*** DATA TO EXAMINE Section Begins ***

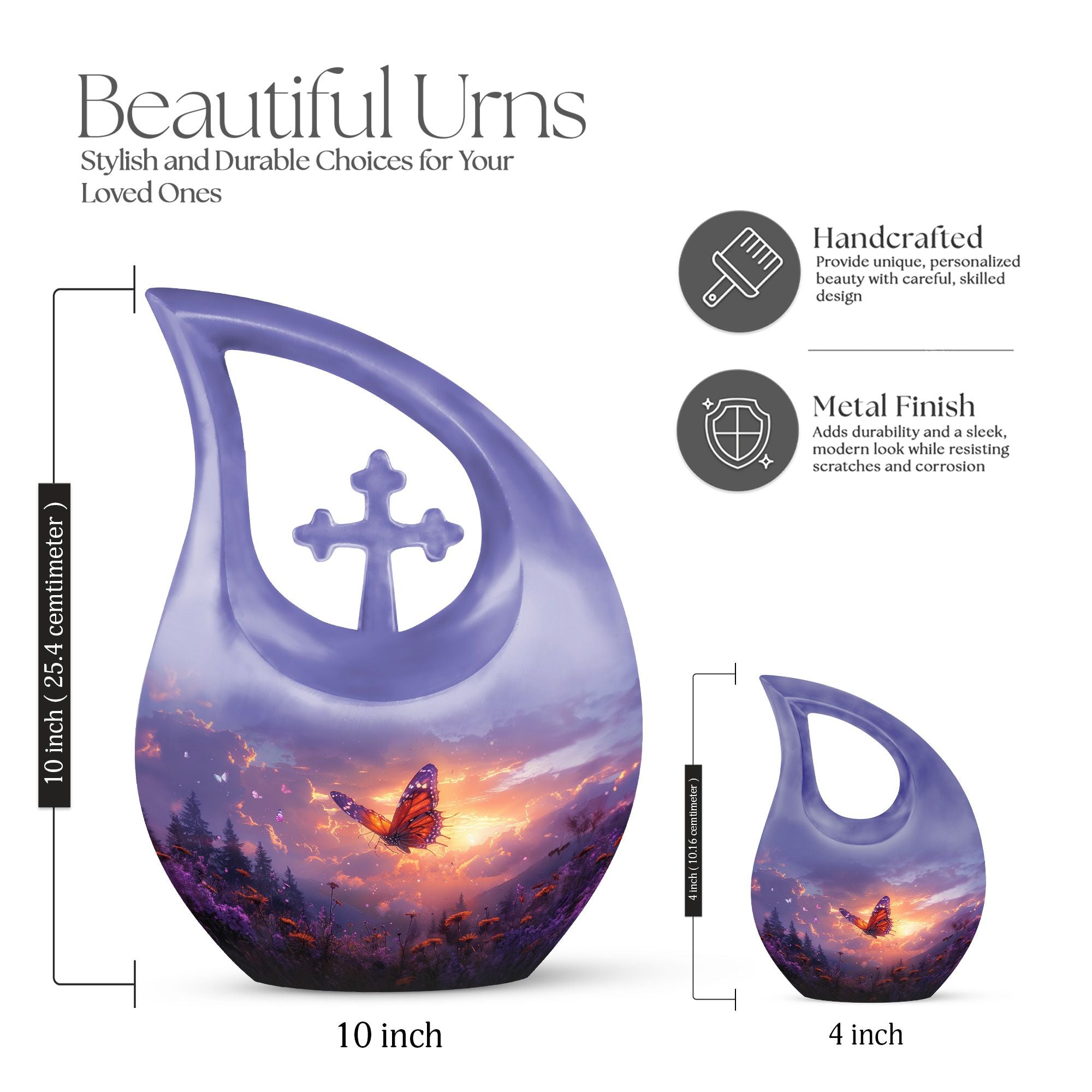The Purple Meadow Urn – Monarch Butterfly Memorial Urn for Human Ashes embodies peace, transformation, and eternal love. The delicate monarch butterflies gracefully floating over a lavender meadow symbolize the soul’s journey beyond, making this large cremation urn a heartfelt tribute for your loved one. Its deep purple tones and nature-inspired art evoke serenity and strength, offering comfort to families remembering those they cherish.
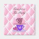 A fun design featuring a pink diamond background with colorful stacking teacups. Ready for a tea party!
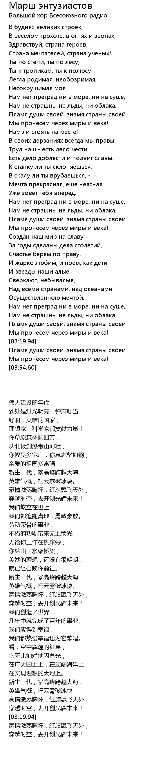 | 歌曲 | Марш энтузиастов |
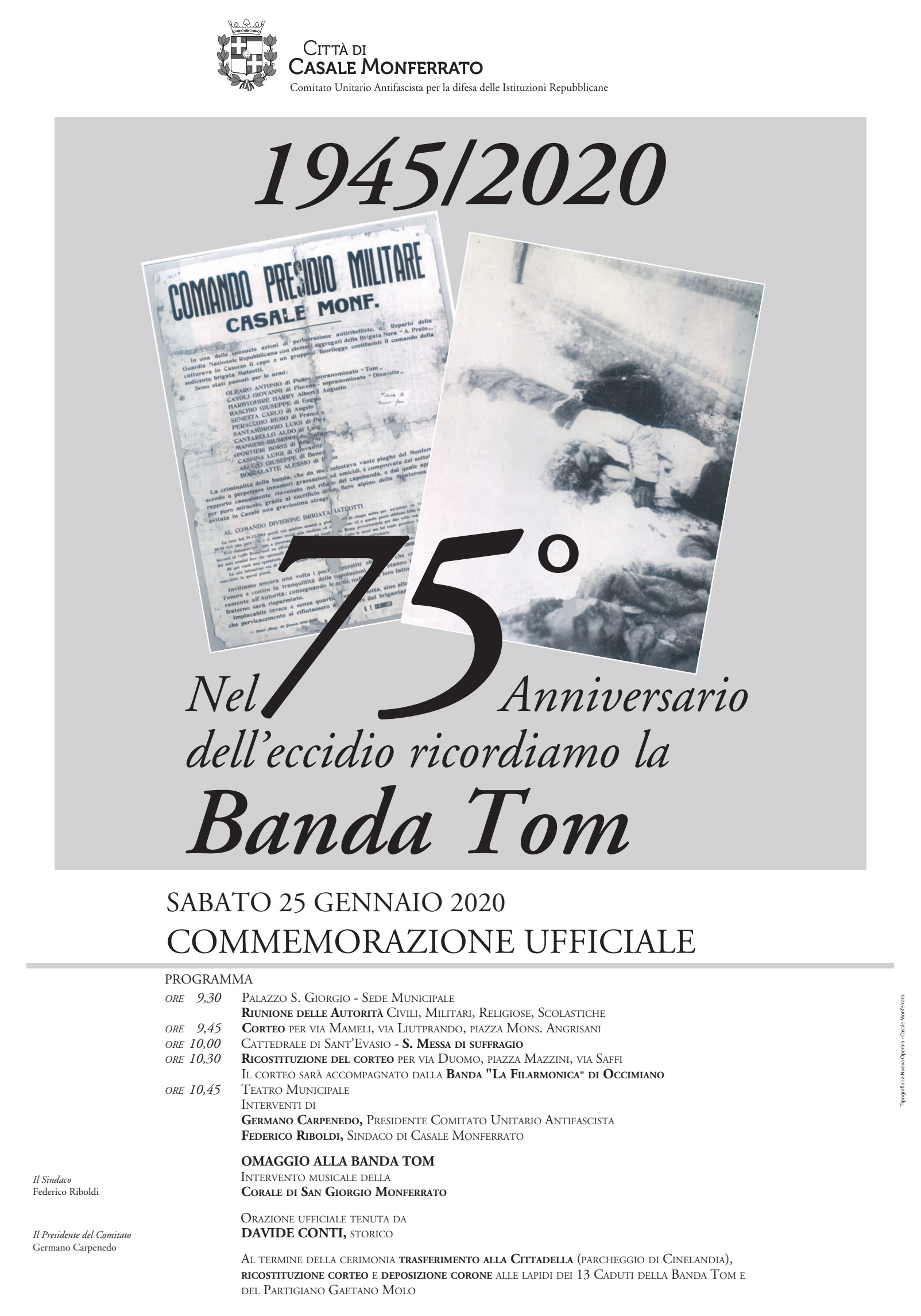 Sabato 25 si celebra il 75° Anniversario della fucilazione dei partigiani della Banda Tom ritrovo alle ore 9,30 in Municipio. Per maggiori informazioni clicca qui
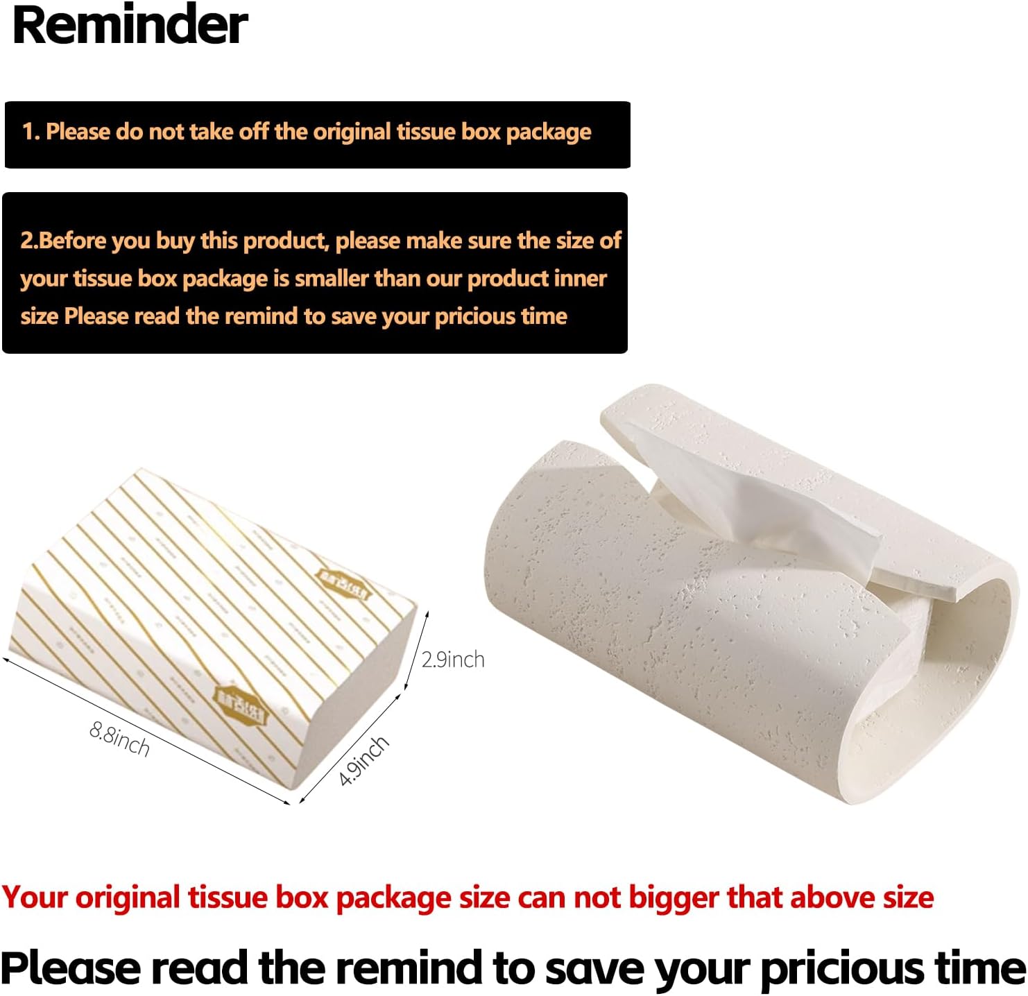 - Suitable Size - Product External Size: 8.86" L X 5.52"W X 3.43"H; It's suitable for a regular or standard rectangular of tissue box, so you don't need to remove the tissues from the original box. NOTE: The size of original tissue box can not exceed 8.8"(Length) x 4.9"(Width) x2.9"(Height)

*** DATA TO EXAMINE Section Ends ***

# WORK INSTRUCTION:
The records above must be printed exactly; the pictures stay out.

# OUTPUT FOR THIS EXERCISE:
The Purple Meadow Urn – Monarch Butterfly Memorial Urn for Human Ashes embodies peace, transformation, and eternal love. The delicate monarch butterflies gracefully floating over a lavender meadow symbolize the soul’s journey beyond, making this large cremation urn a heartfelt tribute for your loved one. Its deep purple tones and nature-inspired art evoke serenity and strength, offering comfort to families remembering those they cherish.
 A fun design featuring a pink diamond background with colorful stacking teacups. Ready for a tea party!
 | 歌曲 | Марш энтузиастов |
 Sabato 25 si celebra il 75° Anniversario della fucilazione dei partigiani della Banda Tom ritrovo alle ore 9,30 in Municipio. Per maggiori informazioni clicca qui
 - Suitable Size - Product External Size: 8.86" L X 5.52"W X 3.43"H; It's suitable for a regular or standard rectangular of tissue box, so you don't need to remove the tissues from the original box. NOTE: The size of original tissue box can not exceed 8.8"(Length) x 4.9"(Width) x2.9"(Height)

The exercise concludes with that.